The dataset used follows the following organization scheme:

├── Train.txt  
├── Test.txt  
├── data
│   ├── hash001
│       ├──   frame0001.png
│       ├──   frame0002.png
│       ├──   ...
│   ├──  hash002   
│   ├── ...
│   └── hash0325  
├── masks
│   ├── hash001.png
│   ├── hash002.png   
│   ├── ...
│   └── hash0211.png 

The dataset consists of two text files train.txt and test.txt. These text files have a list of hashes. These hashes are the names of folders containing the training and testing data. Each hash folder consists if 100 consecutive gray-scale images from a cilia movement video. The data is divided into 65/35, 211 images for training and 114 images for testing. Each image in the training folder consists of a corresponding mask image in the mask folder. So there are a total of 211 mask images. We have to predict the mask for the other 114 images.
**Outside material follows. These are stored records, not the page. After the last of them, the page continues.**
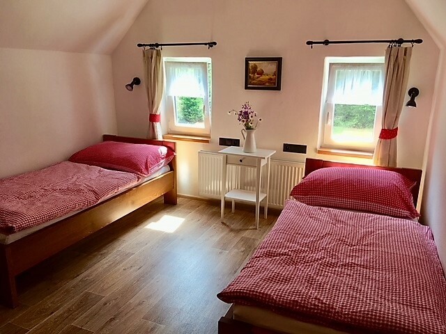 K dispozici 3 koupelny včetně WC, jedno samostatné WC, finská sauna.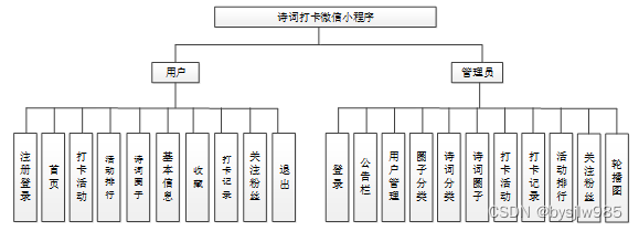 诗词打卡微信小程序划分为了普通用户模块和管理员模块这两大部分。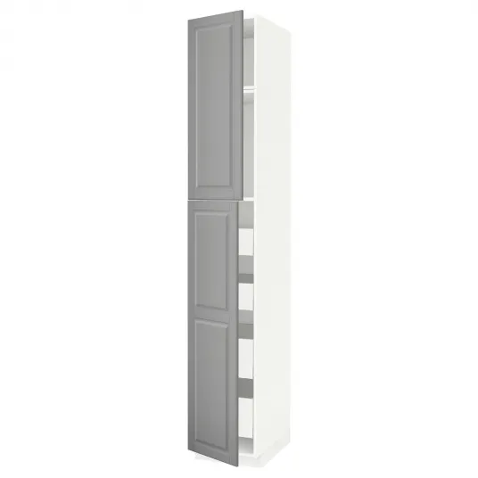 IKEA METOD / MAXIMERA Corp inalt+2 usi/4 sertare, alb/Bodbyn gri, 40x60x240 cm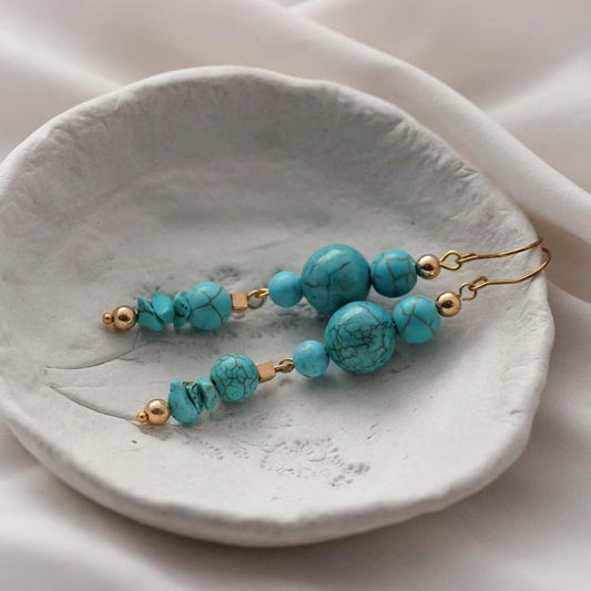 Arcana Vergoldete Ohrringe mit Türkisen, Hämatit und Howlith Steinen

The name of the mask image corresponds to the hash folder name in the data folder.

Approach

We decided, after spending some time pouring over the Tiramisu model, to go with a U-net model. U-net is a convolutional neural network that was modified by its creators to work with fewer training images and yeild more precise results.
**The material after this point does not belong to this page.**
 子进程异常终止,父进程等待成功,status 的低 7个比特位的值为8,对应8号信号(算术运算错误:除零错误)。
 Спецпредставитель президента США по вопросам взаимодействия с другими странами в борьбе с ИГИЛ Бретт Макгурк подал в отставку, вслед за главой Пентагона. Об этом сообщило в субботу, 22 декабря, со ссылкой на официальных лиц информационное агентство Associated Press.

E. Shelhamer, J. Long and T. Darrell, "Fully Convolutional Networks for Semantic Segmentation," in IEEE Transactions on Pattern Analysis and Machine Intelligence, vol. 39, no. 4, pp. 640-651, 1 April 2017, doi: 10.1109/TPAMI.2016.2572683.

Preliminary Results

cilia results

After 10 epochs at 16 steps per epoch, the U-net model produces decent results very quickly. For future work, we could improve the results through preprocessing.

Project Organization

├── LICENSE
├── Makefile           <- Makefile with commands like `make data` or `make train`
├── README.md          <- The top-level README for developers using this project.
├── data
│   ├── external       <- Data from third party sources.
│   ├── interim        <- Intermediate data that has been transformed.
│   ├── processed      <- The final, canonical data sets for modeling.
│   └── raw            <- The original, immutable data dump.
│
├── docs               <- A default Sphinx project; see sphinx-doc.org for details
│
├── models             <- Trained and serialized models, model predictions, or model summaries
│
├── notebooks          <- Jupyter notebooks. Naming convention is a number (for ordering),
│                         the creator's initials, and a short `-` delimited description, e.g.
│                         `1.0-jqp-initial-data-exploration`.
│
├── references         <- Data dictionaries, manuals, and all other explanatory materials.
│
├── reports            <- Generated analysis as HTML, PDF, LaTeX, etc.
│   └── figures        <- Generated graphics and figures to be used in reporting
│
├── requirements.txt   <- The requirements file for reproducing the analysis environment, e.g.
│                         generated with `pip freeze > requirements.txt`
│
├── setup.py           <- makes project pip installable (pip install -e .) so src can be imported
├── src                <- Source code for use in this project.
│   ├── __init__.py    <- Makes src a Python module
│   │
│   ├── data           <- Scripts to download or generate data
│   │   └── make_dataset.py
│   │
│   ├── features       <- Scripts to turn raw data into features for modeling
│   │   └── build_features.py
│   │
│   ├── models         <- Scripts to train models and then use trained models to make
│   │   │                 predictions
│   │   ├── predict_model.py
│   │   └── train_model.py
        ├── unit.ipynb  <- Notebook to build and train the model
│   │   └── unet.py
│   │
│   └── visualization  <- Scripts to create exploratory and results oriented visualizations
│       └── visualize.py
│
└── tox.ini            <- tox file with settings for running tox; see tox.readthedocs.io

Contributors

Please check Contributors file for details.

Authors

  • Aishwarya Venkataraj
  • Nathan Wynn
  • Yogesh Chaudhari

References

We referenced the Tensorflow documentation here in some of our .py files as a starting point to get acclimated to using the U-net model, but most of our final work only slightly extends from some of the code examples on the documentation site.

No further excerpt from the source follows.